Figure 2c shows example PC-MRI through the internal carotid and basilar arteries. Cerebral blood flow velocities fell significantly during dialysis and reached nadir in the fourth hour (carotid artery -19±2%, p<0.001, Fig. 2a; basilar artery -16±3%, p=0.004, Fig. 2b). Reduction in carotid blood flow was associated with higher ultrafiltration volumes (R²=0.43, p=0.005, Fig. 2d). There were no significant differences between SHD and CHD.

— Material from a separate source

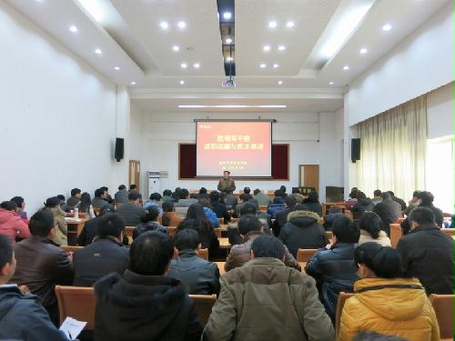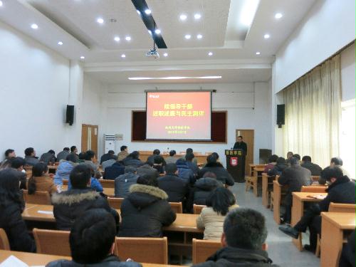 2015年1月7日下午,兽医学院在院学术报告厅举行2014年度院领导干部述职述廉与民主测评,大会由院党委宋亭华书记主持,焦新安校长及兽医学院全体教职员工和部分研究生、本科生代表出席大会。

Cardiac index (CI) and stroke volume index (SVI) as estimated from the short axis image (Fig. 3a) fell significantly during dialysis (-29±2% and -32±2%, both p<0.001, Fig. 3b-c). Reductions in LV early peak filling rate (-37±5%, p<0.0001, Fig. 3d) and volume (-38±5%, p<0.0001, Fig. 3e) occurred during dialysis, with an increase in early peak filling time (39±7%, p=0.0018, Fig. 3f). There were no differences between SHD and CHD.

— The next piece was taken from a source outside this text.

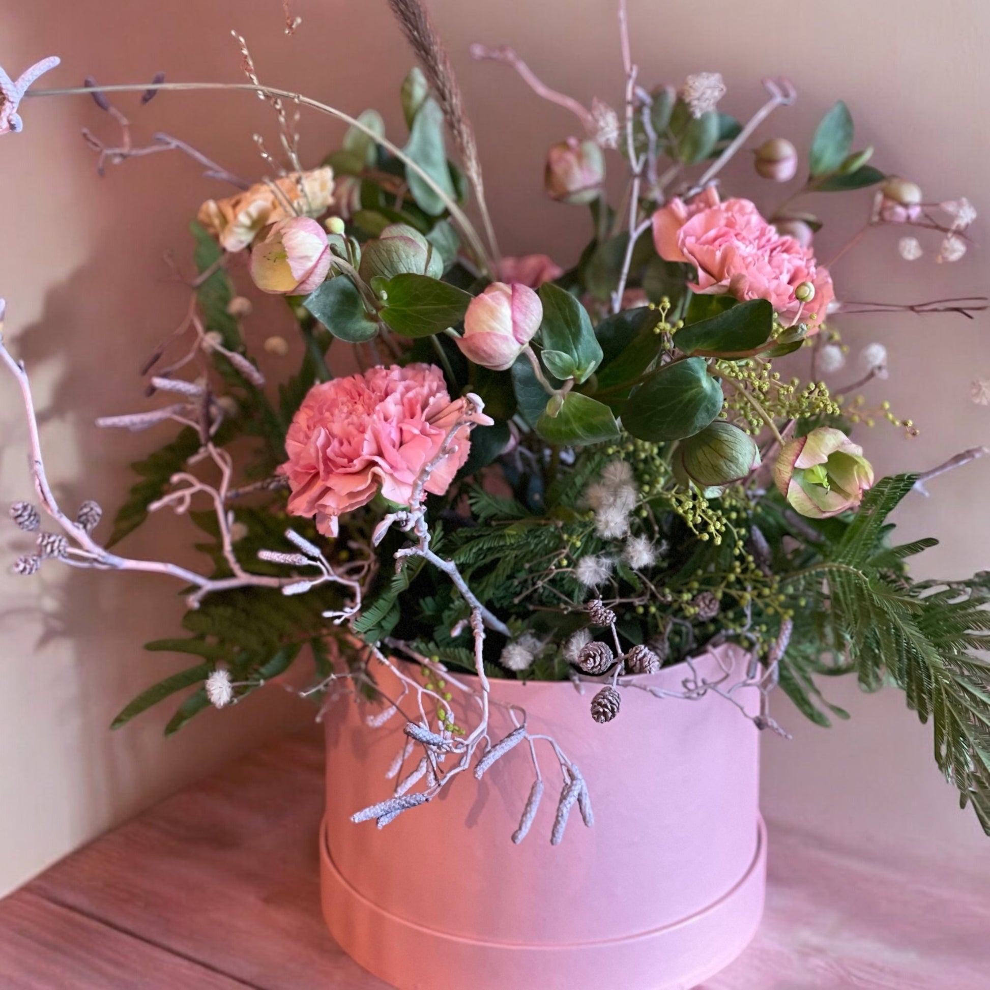 Dekorasjon i eske. Perfekt til bursdag eller andre anledninger. Kommer i 3 størrelser. Dersom man ønsker andre farger så kan dette endres. Blomster varierer i sesong og kan derfor være noe annerledes enn på bildet. Dekorasjonen på bildet er medium størrelse.

After two weeks of CHD, pre-dialysis myocardial T1 (Fig. 4a) was lower as compared to SHD (1266±37 ms vs. 1311±18 ms, p=0.02, Fig. 4b). Pre-dialysis LV wall mass was also lower with CHD as compared to SHD (128±12 g vs. 137±12 g, p=0.003, Fig. 4c).

Discussion

HD and fluid volume reduction adversely affects cardiac function, carotid and basilar artery blood flow, with acute changes being similar during SHD and CHD. However, lower myocardial T1 and left ventricular wall mass may indicate reduced myocardial tissue oedema with CHD, but not detected with bioimpedance.

Acknowledgements

This study was funded by Fresenius Medical Care, Germany.